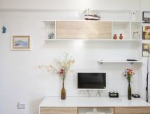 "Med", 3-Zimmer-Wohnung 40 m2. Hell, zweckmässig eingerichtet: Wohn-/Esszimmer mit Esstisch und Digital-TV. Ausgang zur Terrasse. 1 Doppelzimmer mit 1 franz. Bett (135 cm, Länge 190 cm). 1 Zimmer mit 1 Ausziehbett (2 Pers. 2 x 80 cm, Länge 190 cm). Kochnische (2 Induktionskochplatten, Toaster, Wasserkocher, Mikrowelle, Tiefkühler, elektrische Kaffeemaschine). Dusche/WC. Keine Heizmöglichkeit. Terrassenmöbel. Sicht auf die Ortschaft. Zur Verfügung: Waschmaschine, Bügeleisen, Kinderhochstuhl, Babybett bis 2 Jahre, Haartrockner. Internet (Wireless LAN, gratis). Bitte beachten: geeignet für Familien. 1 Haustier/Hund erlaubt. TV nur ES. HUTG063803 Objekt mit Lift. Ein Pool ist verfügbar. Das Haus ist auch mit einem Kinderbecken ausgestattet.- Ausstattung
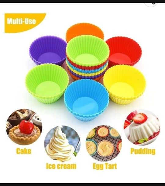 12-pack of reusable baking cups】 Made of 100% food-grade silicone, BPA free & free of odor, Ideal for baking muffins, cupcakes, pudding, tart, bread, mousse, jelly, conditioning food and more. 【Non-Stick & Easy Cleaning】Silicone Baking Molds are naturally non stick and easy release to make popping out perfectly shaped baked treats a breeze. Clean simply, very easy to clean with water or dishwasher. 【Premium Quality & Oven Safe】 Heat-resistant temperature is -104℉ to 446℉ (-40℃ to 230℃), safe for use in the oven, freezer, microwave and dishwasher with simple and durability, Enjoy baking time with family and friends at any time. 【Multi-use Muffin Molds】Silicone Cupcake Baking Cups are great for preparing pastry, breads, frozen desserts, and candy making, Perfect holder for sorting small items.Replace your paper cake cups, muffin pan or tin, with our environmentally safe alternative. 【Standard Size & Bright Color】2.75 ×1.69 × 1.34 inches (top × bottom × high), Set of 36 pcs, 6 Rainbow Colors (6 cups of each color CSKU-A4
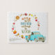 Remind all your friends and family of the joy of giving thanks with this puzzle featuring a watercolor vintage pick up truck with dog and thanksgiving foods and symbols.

● ● ●

WORK ITEM ▸
When the listing is transcribed, every line must match the original exactly, and the pictures must be left out.

YOUR SOLUTION ▸
 "Med", 3-Zimmer-Wohnung 40 m2. Hell, zweckmässig eingerichtet: Wohn-/Esszimmer mit Esstisch und Digital-TV. Ausgang zur Terrasse. 1 Doppelzimmer mit 1 franz. Bett (135 cm, Länge 190 cm). 1 Zimmer mit 1 Ausziehbett (2 Pers. 2 x 80 cm, Länge 190 cm). Kochnische (2 Induktionskochplatten, Toaster, Wasserkocher, Mikrowelle, Tiefkühler, elektrische Kaffeemaschine). Dusche/WC. Keine Heizmöglichkeit. Terrassenmöbel. Sicht auf die Ortschaft. Zur Verfügung: Waschmaschine, Bügeleisen, Kinderhochstuhl, Babybett bis 2 Jahre, Haartrockner. Internet (Wireless LAN, gratis). Bitte beachten: geeignet für Familien. 1 Haustier/Hund erlaubt. TV nur ES. HUTG063803 Objekt mit Lift. Ein Pool ist verfügbar. Das Haus ist auch mit einem Kinderbecken ausgestattet.- Ausstattung
 12-pack of reusable baking cups】 Made of 100% food-grade silicone, BPA free & free of odor, Ideal for baking muffins, cupcakes, pudding, tart, bread, mousse, jelly, conditioning food and more. 【Non-Stick & Easy Cleaning】Silicone Baking Molds are naturally non stick and easy release to make popping out perfectly shaped baked treats a breeze. Clean simply, very easy to clean with water or dishwasher. 【Premium Quality & Oven Safe】 Heat-resistant temperature is -104℉ to 446℉ (-40℃ to 230℃), safe for use in the oven, freezer, microwave and dishwasher with simple and durability, Enjoy baking time with family and friends at any time. 【Multi-use Muffin Molds】Silicone Cupcake Baking Cups are great for preparing pastry, breads, frozen desserts, and candy making, Perfect holder for sorting small items.Replace your paper cake cups, muffin pan or tin, with our environmentally safe alternative. 【Standard Size & Bright Color】2.75 ×1.69 × 1.34 inches (top × bottom × high), Set of 36 pcs, 6 Rainbow Colors (6 cups of each color CSKU-A4
 Remind all your friends and family of the joy of giving thanks with this puzzle featuring a watercolor vintage pick up truck with dog and thanksgiving foods and symbols.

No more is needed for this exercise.